School of Sport, Exercise and Health Sciences, Loughborough University, Loughborough LE11 3TU, UK.
Rheumatology, University Hospitals of Leicester NHS Trust, Leicester LE1 5WW, UK.
Genes (Basel). 2024 Aug 1;15(8):1009. doi: 10.3390/genes15081009.
Rheumatoid arthritis (RA) is a complex autoimmune disease that negatively affects synovial joints, leading to the deterioration of movement and mobility of patients. This chronic disease is considered to have a strong genetic inheritance, with genome-wide association studies (GWAS) highlighting many genetic loci associated with the disease. Moreover, numerous confounding and non-genetic factors also contribute to the risk of the disease.
This study investigates the association of selected genetic polymorphisms with rheumatoid arthritis risk and develops a polygenic risk score (PRS) based on selected genes.
A case-control study recruited fully consenting participants from the East Midlands region of the UK. DNA samples were genotyped for a range of polymorphisms and genetic associations were calculated under several inheritance models. PRS was calculated at crude (unweighted) and weighted levels, and its associations with clinical parameters were determined.
There were significant associations with the risk of RA at six genetic markers and their associated risk alleles (*G, *A, *T, *G, *A, and *T). The TTG haplotype at the VDR locus increased the risk of RA with an OR of 3.05 (CI 1.33-6.98, = 0.009). The GA haplotype of -α-308 was a significant contributor to the risk of RA in this population (OR = 2.77, CI 1.23-6.28, = 0.01), although linkage disequilibrium was low. The polygenic risk score was significantly higher in cases over controls in both unweighted (mean difference = 1.48, t = 5.387, < 0.001) and weighted (mean difference = 2.75, t = 6.437, < 0.001) results.
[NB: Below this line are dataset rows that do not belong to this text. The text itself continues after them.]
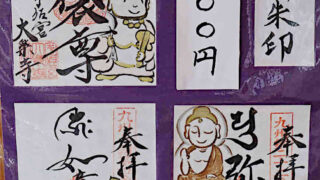 大分県 御朱印一覧表 大分県宇佐市 大分県 宇佐市医王山 大楽寺(だいらくじ) 本堂に入って左側に受付がありました。 御朱印は、通常タイプ3種類と仏画入りタイプが3種類ありました。御朱印を書く方と仏画を書く方は別のようで、仏画を書く方がお留守だったので通常タイプを頂きました... 2025.10.26 大分県御朱印帳御朱印帳 地区別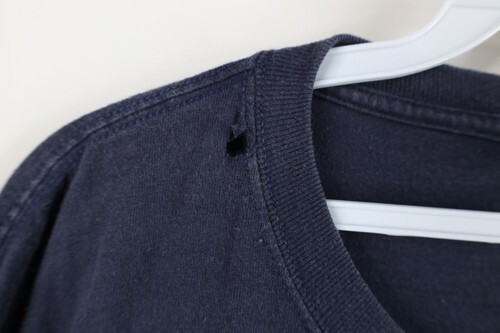 Hole right shoulder. Blemishes/discoloring throughout. Blemishes collar. Collar, cuffs discolored. Graphics, color faded. Pilling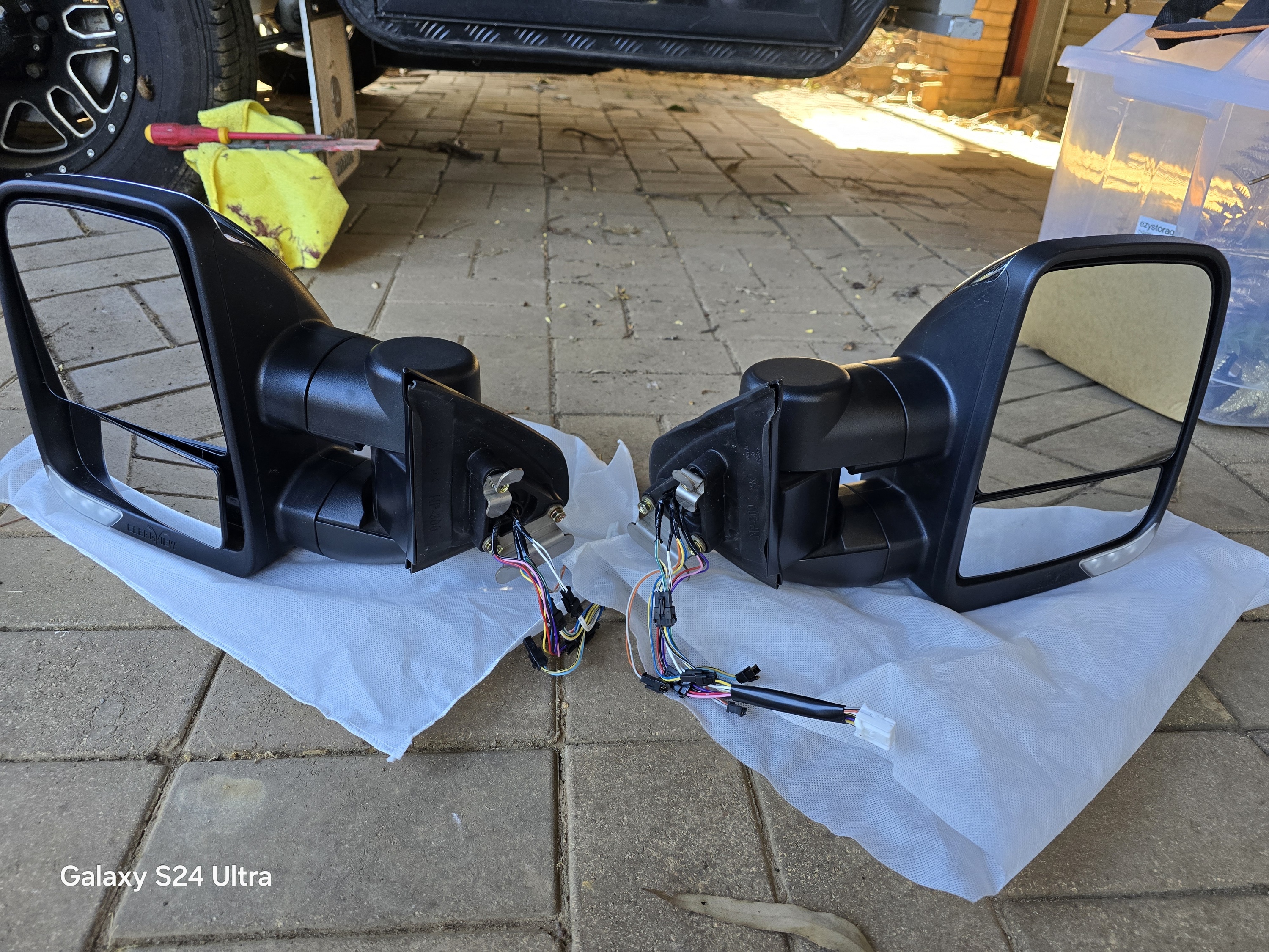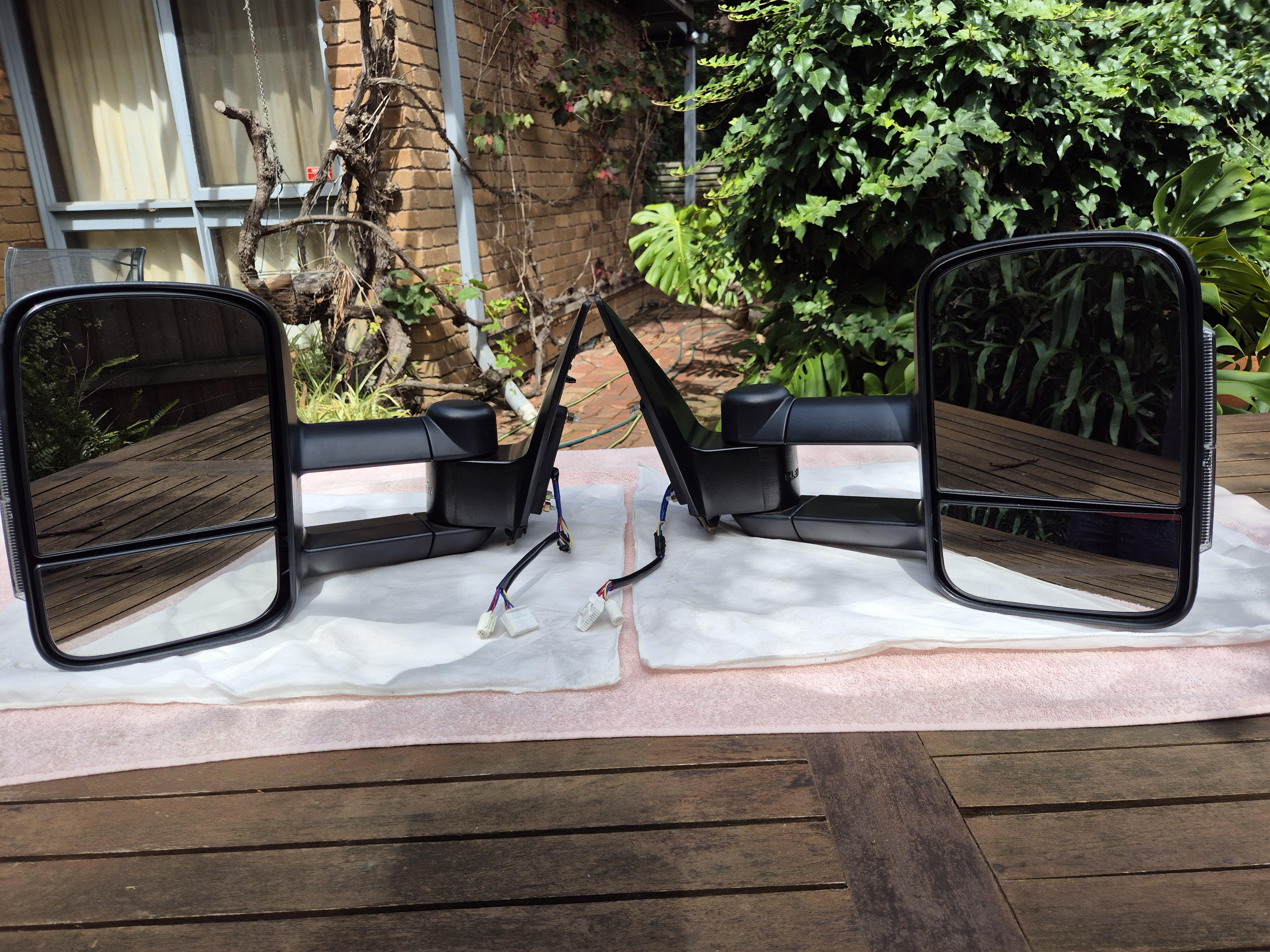Fitted to Nissan Navara D23/NP300. With Heat, Camera, Indicators, Electric in 2023 so we can tow a caravan. They are in great condition. No marks on each side. Selling as we have change vehicle,
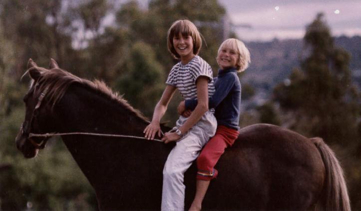 Aged 11, on my pony Koko, with 6 year old brother riding tandem.

Several genetic loci contribute to the increased risk of RA in the British White sample. The PRS is significantly higher in those with RA and can be used for clinical applications and personalised prevention of disease.
类风湿关节炎(RA)是一种复杂的自身免疫性疾病,会对滑膜关节造成负面影响,导致患者运动和活动能力下降。这种慢性疾病被认为具有很强的遗传遗传,全基因组关联研究(GWAS)强调了许多与疾病相关的遗传位点。此外,许多混杂和非遗传因素也会增加患病风险。
本研究调查了选定的遗传多态性与类风湿关节炎风险的关联,并基于选定的基因开发了多基因风险评分(PRS)。
一项病例对照研究从英国东米德兰兹地区招募了完全同意的参与者。对一系列多态性进行 DNA 分型,并在几种遗传模型下计算遗传关联。在未加权(未加权)和加权水平计算 PRS,并确定其与临床参数的关联。
在六个遗传标记物及其相关风险等位基因(*G、*A、*T、*G、A 和T)上与 RA 风险存在显著关联。VDR 基因座的 TTG 单倍型增加了 RA 的风险,OR 值为 3.05(CI 1.33-6.98, = 0.009)。-α-308 的 GA 单倍型是该人群中 RA 发病的重要因素(OR = 2.77,CI 1.23-6.28, = 0.01),尽管连锁不平衡程度较低。在未加权(平均值差异= 1.48,t = 5.387, < 0.001)和加权(平均值差异= 2.75,t = 6.437, < 0.001)结果中,病例组的多基因风险评分均明显高于对照组。
在英国白人样本中,多个遗传位点增加了 RA 的患病风险。RA 患者的 PRS 明显更高,可用于临床应用和疾病的个体化预防。